I'm planning on put a window type air conditioner in this window in my shop.
Does anyone have any ideas on how to make a pre-filter to fit on the a/c to cut down on the dust going in.









Here is a photo of the Ridgid saw I bought last Feb.
Since i got the belt tightened up (by the help of nice people on this forum) I really like this saw now.

Thanks for any help,Rog


----------



## GaryK (Jun 25, 2007)

I have one on my window AC. I got it at Lowes. It's one that you can cut down to custom fit it.

I added some thick foam tape around the circumference to create a seal around the filter.

Then I just drove a screws on either side of the unit and use a couple of pieces of wood to hold it in place.

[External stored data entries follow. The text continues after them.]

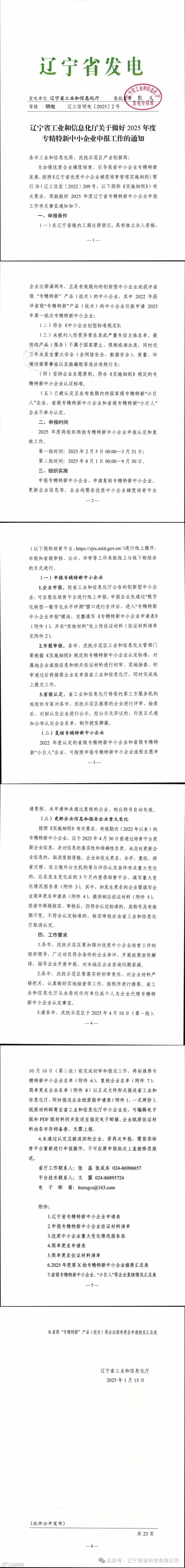 保呈快讯内容:关于《辽宁省工业和信息化厅关于做好2025年度专精特新中小企业申报工作的通知》-内容分享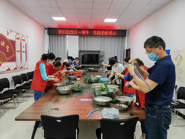 活動中,公司員工與社區(qū)居民共同開展包粽子比賽,期間公司領(lǐng)導(dǎo)詢問了社區(qū)工作情況,雙方就新時代黨建引領(lǐng)下的社企共建工作進行了深入交談并為社區(qū)空巢老人和困難群眾送上了粽子、大米、牛奶、食用油等慰問品。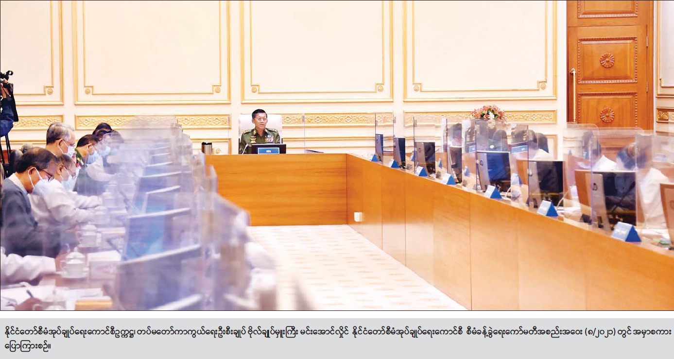 နိုင်ငံတော်စီမံအုပ်ချုပ်ရေးကောင်စီ စီမံခန့်ခွဲရေးကော်မတီ အစည်းအဝေး (၈/၂၀၂၁) ကို ယနေ့မွန်းလွဲပိုင်းတွင် နေပြည်တော်ရှိ နိုင်ငံတော်စီမံအုပ်ချုပ်ရေး ကောင်စီဥက္ကဋ္ဌရုံး အစည်းအဝေးခန်းမ၌ကျင်းပရာ နိုင်ငံတော်စီမံအုပ်ချုပ်ရေးကောင်စီ ဥက္ကဋ္ဌ၊ တပ်မတော်ကာကွယ်ရေးဦးစီးချုပ် ဗိုလ်ချုပ်မှူးကြီးမင်းအောင်လှိုင် တက်ရောက် အမှာစကား ပြောကြားသည်။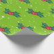 Papier Cadeau Berries Holly avec neige et étoiles sur vert clair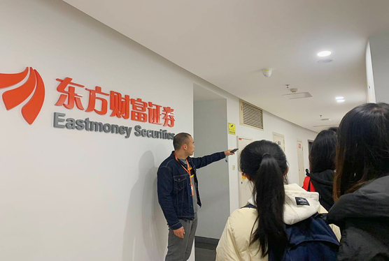 来自东方财富的杨老师、董老师首先向同学们简要介绍了公司的工作环境和业务职能,并带领同学们具体参观了公司员工的工作模式。在两位老师的热情带领和讲解下,同学们对东方财富的企业文化有了更全面的认识,对该企业的运营状态和人才培养模式有了更深入的理解。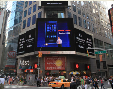 由于成為美國近一周來媒體關(guān)注的焦點(diǎn),作為紐約地標(biāo)建筑的時(shí)代廣場新聞電子大屏對《Yulong Launches Coolpad N900 in China to Combat iPhone》的新聞進(jìn)行了長時(shí)間的播報(bào),中國手機(jī)新力量可能對iphone產(chǎn)生的沖擊引起了美國社會(huì)的廣泛關(guān)注,這也是國產(chǎn)手機(jī)首次亮相紐約時(shí)代廣場。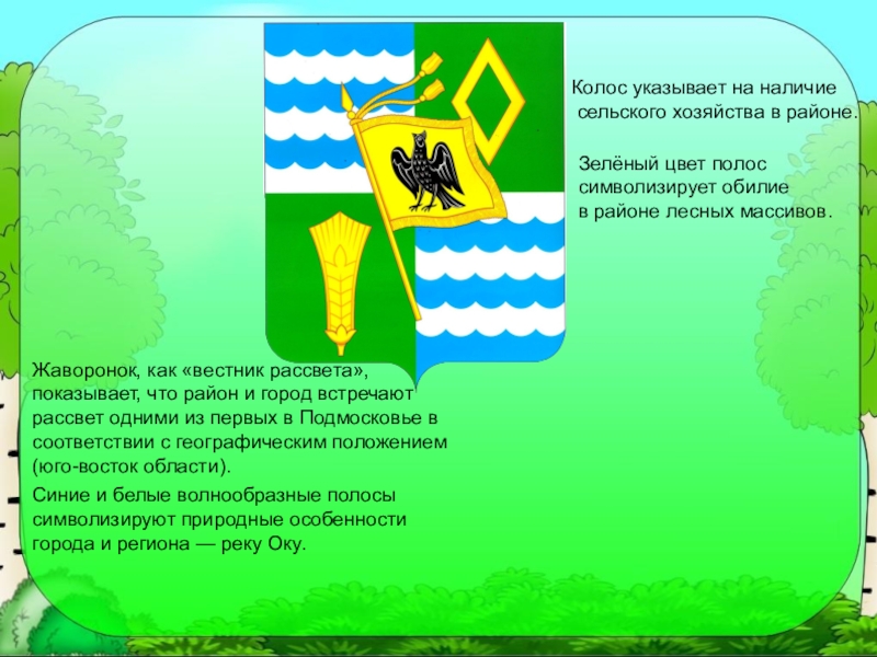 Синие и белые волнообразные полосы символизируют природные особенности города и региона — реку Оку.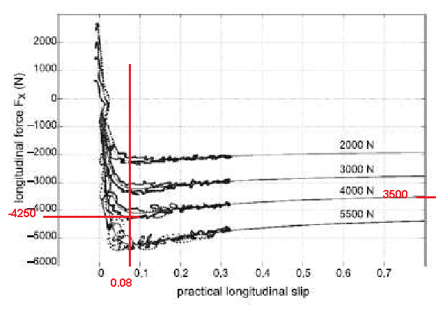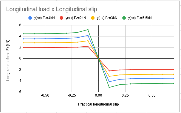 All the examples given in the previous paragraphs refer to situation of lateral loads, but the magic formula can also be applied to longitudinal loads. Figure 17 illustrates a curve of pure longitudinal slip in braking case and the same method applied previously will be adopted here.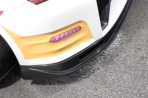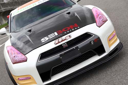 | 專為賽道進行改裝設定的Camber國旗號GTR,特別換上前後雙排開孔的碳纖維引擎蓋與2013年式專用前下巴,整體車頭重量減輕約3公斤,加上前下巴的空力輔助,讓車輛高速行駛時,可獲取大量進氣、散熱效益與穩定車頭輔助效力。 |

Works great. I hose it off every once in a while, but just smack it on the concrete slab outside to knock off the vast majority of dust out of it every couple of days.


----------



## rogerdodger (Jan 15, 2011)

Thanks for the idea,I'll have to go to Lowes. That's where I plan to get the a/c.unit.


----------



## Finn (May 26, 2010)

good luck with that pre-filter…. I treid a few different ones and none seem to help much. I now just blow out the coil about once a week with my air hose. Need to do that when it has been off a while and is dry.


----------



## lew (Feb 13, 2008)

A slight modification on Gary's idea.

I bought the "blue" filter sheet stuff, at Lowes. It's about 1/2" thick and about 3' square. You can cut it to any dimension you need.

It doesn't filter down to the level that Gary's does but it will catch the big stuff.


----------